Steve Landers has sold the remainder of his minority interest in RLJ-McLarty-Landers Auto Group’s dealerships in the United States and Mexico, he said Tuesday.

Landers, 60, retains an interest in the group’s dealerships in Brazil, he said, and his interest in his family-owned dealerships is unchanged.

Landers sold most of his RLJ-McLarty-Landers Auto Group interest in 2012 to his partners, Thomas F. “Mack” McLarty, majority owner, and Robert L. Johnson, with whom Landers had equal stake.

He declined to say how much he got in the latest sale in December.

In response to an unconfirmed report that he had sold his family business, Landers said, “I’m at work right now. I’ve had several knee surgeries and I’ve slowed down a little bit, but I still own and operate them.”

He and his sons, Scott and Steve, own Landers Toyota and Steve Landers Chrysler Dodge Jeep, both in Little Rock, and a Toyota dealership in St. Louis, acquired by Scott.

Landers Toyota is the leading dealership in monthly new-vehicle registrations in Arkansas, according to Cross-Sell of Lexington, Ky .,an automotive research firm. And the Landers Chrysler Dodge Jeep dealership is in the top 10.

RLJ-McLarty-Landers ranked 19th in the United States in number of new vehicles sold in 2012, according to Automotive News. The group’s total sales for that year were $1.2 billion, the publication says.

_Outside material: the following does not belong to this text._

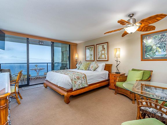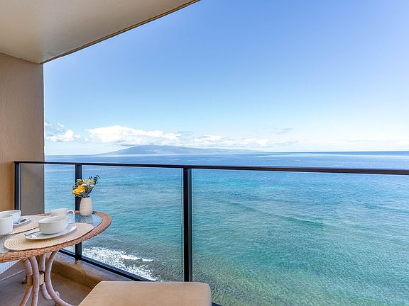 Penthouse studio at the Mahana at Kaanapali! Unobstructed panoramic ocean views, year-round sunsets and views of the neighbor islands of Lana'i and Moloka'i. Picture perfect spot to watch the humpback whales breaching in winter, dolphins and the turtles playing in the surf below. Tastefully decorated and finished with granite counter tops, hardwood cabinetry in the kitchen and bath, travertine shower, custom lighting and stainless-steel appliances. Mahana offers a quiet beachfront location at the northern end of Kaanapali Beach under the shade of the giant Monkeypod Trees. Amenities include a beachfront swimming pool, hot tub, grilling facilities, shuffleboard, and tennis court; adjacent to the 3-mile beachfront boardwalk that connects several Kaanapali resorts, restaurants and ocean activities. Unit is in a self-managed vacation rental program and future bookings can be transferred to the buyer. AAAO monthly dues: $722.19 maintenance + 336.18 utilities + 397.05 reserve = $1,455.42. Additionally, there is a special assessment of $981.08 per month with a remaining balance of $36,000. Seller will pay this balance prior to close of escrow. Buyer hereby acknowledges that it is the intent of Seller to effect an IRC §1031 tax deferred exchange, which will not delay the closing or cause additional expense to Buyer. Seller’s rights under this agreement may be assigned to a Qualified Intermediary, for the purpose of completing such an exchange. Buyer agrees to cooperate with Seller and Qualified Intermediary in a manner necessary to complete the exchange. Check out the outstanding reviews of Mahana 1202 on VRBO.

Landers had been president of the group for six or seven years before stepping down in 2012, when “traveling every week was getting to me. Mack’s a great partner and Bob’s a great partner.

We’restill friends. I gave them six or eight months to get someone to come in and run it.”

The group has 22 U.S. dealerships, according to its website. It had 25 at the end of 2012, Automotive News said.

In Arkansas, RLJ-McLarty-Landers owns a Ford, Dodge, Chrysler Jeep dealership in Bentonville, a Nissan lot in Bentonville, and Harley-Davidson dealerships in Little Rock and Conway.

McLarty was chief of staff for President Bill Clinton and is president of McLarty and Associates, an international advisory firm.

Johnson was the founder of Black Entertainment Television, which he sold to Viacom for a reported $3 billion in 2001.